I have been stopped on my walks, thanked and praised for picking up things along the way and my goal would be to inspire others to be more litter alert. I did have one woman say that she was going to take up the cause as I have.
With my goal in mind here are some suggestions:
Homeowners, please inspect your surroundings and that includes your neighbor's front yard as well. Do not neglect the curbside area, as that is where much litter accumulates.
Renters, even though you don't own the place you, too, can help out.
Team coaches and parents, as your teams come and go from our parks have your team clear the area of litter, leaving the area better than when you arrived.
Landscapers and lawn services, please do not just mow over the litter, shredding it into multiple pieces and making it more difficult to pick up.
Business owners, please do regular rounds of your property, parking lots included.

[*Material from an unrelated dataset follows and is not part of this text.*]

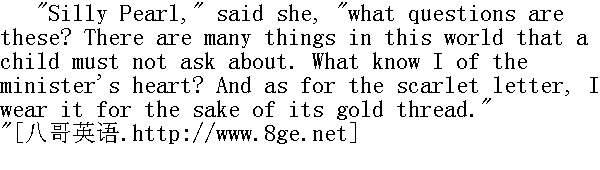 傻珠儿,"她说,"这是些什么问题呢?这世上有许多事情是一个小孩子不该问的。我怎么会知道关于牧师的心的事情呢?至于这红字嘛,我戴上是因为金线好看。" In all the seven bygone years, Hester Prynne had never before been false to the symbol on her bosom. It may be that it was the talisman of a stern and severe, but yet a guardian spirit, who now forsook her; as recognising that, in spite of his strict watch over her heart, some new evil had crept into it, or some old one had never been expelled. As for little Pearl, the earnestness soon passed out of her face. 在过去的七今年头中,海丝特·白兰还从来没有就她胸前的标记说过假话。很可能,那红字虽是一个严苛的符咒,但同时也是一个守护神,不过现在那守护神抛弃了她,正是由于看到了这一点,尽管红字依然严格地守在她心口,但某个新的邪恶已经钻了进去,或者说某个旧的邪恶始终没有被驱逐出来。至于小珠儿呢,那种诚挚的神情很快就从她脸上消失了。 But the child did not see fit to let the matter drop. Two or three times, as her mother and she went homeward, and as often at suppertime, and while Hester was putting her to bed, and once after she seemed to be fairly asleep, Pearl looked up, with mischief gleaming in her black eyes. 但那孩子仍不肯就此罢休。在她母亲领她回家的路上,她又问了两三次,在吃晚饭时和海丝特送她上床时又问了两三次,在她象是已经入睡之后又问了一次:珠儿抬起头来,黑眼睛中闪着捣蛋的光芒。 "Mother," said she, "what does the scarlet letter mean?"" 妈妈,"她说,"这红字到底是什么意思?" And the next morning, the first indication the child gave of being awake was by popping up her head from the pillow, and making that other inquiry, which she had so unaccountably connected with her investigations about the scarlet letter- 第二天一早,那孩子醒来的第一个表示,就是从枕头上猛地把头一抬,问起另外那个问题,不知为什么她总是把那个问题同探询红字的问题搅在一起--

Just 15 minutes a day would go far.
City and town sanitation departments, please have more frequent pickups for public garbage cans, and maybe more such containers available.
Construction site managers, please be aware of the litter you are creating to minimize its effect on your surroundings.
Clubs, organizations, schools, please take up the cause, even teach what littering does to our environment.
I have no expectation that this column will make a huge difference on this issue but I hold out the hope that it will inspire some to be more considerate. Let's build some pride in showcasing the best of what we have and not have it marred by cigarette butts and beers cans.
Robert Murphy, of Buffalo, is leading a crusade to put litter in its place.